BOM Alma 21

BOM Alma 21

 

Kirtland Ohio Temple, no longer ours
The first Latter-day Saint temple — the first Latter-day Saint building, period — was dedicated in Kirtland, Ohio, in 1836. Owing to apostasy and persecution, the Prophet and the Saints were obliged to abandon Kirtland, and the temple is no longer in the hands of the Church.
(Wikimedia Commons)

 

Four brief notes on our reading today in Alma 21:

 

1.

 

It’s not surprising, in 21:1-2, to learn that the Lamanites had built a significant city that they called Jerusalem.  From the start, the founders of the Lamanite tradition, Laman and Lemuel, had objected to leaving Old World Jerusalem.  They missed their familial wealth there and they rejected their father’s prophetic warning that the city was wicked and ripe for destruction (see 1 Nephi 2:11-13); on the contrary, they insisted that the people of Jerusalem (apparently including those who sought their father’s death) were a righteous people.  (See 1 Nephi 17:22.)  So we should probably see the founding in the New World of a major Lamanite city named Jerusalem as an expression of defiant rejection toward the prophetic claims of Lehi.

 

2.

 

We’re told essentially nothing about Ammah (21:11), except that he was a missionary companion to Aaron, one of the royal sons of Mosiah.  (See Alma 20:2.)

 

3.

 

Alma 21:2 is the Book of Mormon’s first mention of a people called the Amalekites.  We know little about them except that they were “dissenters” from among the Lamanites (Alma 43:13).

 

4.

 

One of the other things that we know about the Amalekites is that they were more hardened in their hearts, even, than were the Lamanites.  (See, for example, 21:3, where they share that characteristic with the Amulonites, the descendants of the apostate priests of Noah.)  Thus, at Alma 23:14 we’re told that, amidst an otherwise remarkably successful mission, only one Amalekite convert was made.  And, at Alma 24:1 and Alma 43:6 and 43:44, the Amalekites stir the Lamanites up to fight against the Nephites when, frankly, the Lamanites would have preferred not to do so.

 

This is absolutely true to my own experience.  The most bitter enemies of the Church of Jesus Christ are, by and large, those who have apostatized from it.

 

The Prophet Joseph Smith knew this, as well:

 

“Strange as it may appear at first thought, yet it is no less strange than true, that notwithstanding all the professed determination to live godly, apostates after turning from the faith of Christ, unless they have speedily repented, have sooner or later fallen into the snares of the wicked one, and have been left destitute of the Spirit of God, to manifest their wickedness in the eyes of multitudes. From apostates the faithful have received the severest persecutions. Judas was rebuked and immediately betrayed his Lord into the hands of His enemies, because Satan entered into him.

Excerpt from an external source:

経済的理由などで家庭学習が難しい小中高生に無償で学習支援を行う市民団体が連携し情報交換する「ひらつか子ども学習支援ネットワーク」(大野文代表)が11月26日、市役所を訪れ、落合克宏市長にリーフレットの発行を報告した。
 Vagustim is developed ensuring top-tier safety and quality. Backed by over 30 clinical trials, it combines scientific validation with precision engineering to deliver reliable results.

“There is a superior intelligence bestowed upon such as obey the Gospel with full purpose of heart, which, if sinned against, the apostate is left naked and destitute of the Spirit of God, and he is, in truth, nigh unto cursing, and his end is to be burned. When once that light which was in them is taken from them they become as much darkened as they were previously enlightened, and then, no marvel, if all their power should be enlisted against the truth, and they, Judas-like, seek the destruction of those who were their greatest benefactors.”

 

“From what source emanated the principle which has ever been manifested by apostates from the true Church to persecute with double diligence, and seek with double perseverance, to destroy those whom they once professed to love, with whom they once communed, and with whom they once covenanted to strive with every power in righteousness to obtain the rest of God?”

 

Daniel Tyler recalled this conversation between Isaac Behunin and Joseph Smith:

 

“When the Prophet had ended telling how he had been treated, Brother Behunin remarked: ‘If I should leave this Church I would not do as those men have done: I would go to some remote place where Mormonism had never been heard of, settle down, and no one would ever learn that I knew anything about it.’

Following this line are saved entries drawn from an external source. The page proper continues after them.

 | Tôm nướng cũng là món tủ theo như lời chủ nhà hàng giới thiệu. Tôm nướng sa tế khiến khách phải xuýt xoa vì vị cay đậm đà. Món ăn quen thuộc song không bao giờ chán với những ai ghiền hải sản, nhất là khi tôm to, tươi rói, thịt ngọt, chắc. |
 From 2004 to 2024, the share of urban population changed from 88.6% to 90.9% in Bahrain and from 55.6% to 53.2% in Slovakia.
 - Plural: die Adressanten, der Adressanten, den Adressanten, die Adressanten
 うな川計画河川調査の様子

“The great Seer immediately replied: ‘Brother Behunin, you don’t know what you would do. No doubt these men once thought as you do. Before you joined this Church you stood on neutral ground. When the gospel was preached, good and evil were set before you. You could choose either or neither. There were two opposite masters inviting you to serve them. When you joined this Church you enlisted to serve God. When you did that you left the neutral ground, and you never can get back on to it. Should you forsake the Master you enlisted to serve, it will be by the instigation of the evil one, and you will follow his dictation and be his servant.’”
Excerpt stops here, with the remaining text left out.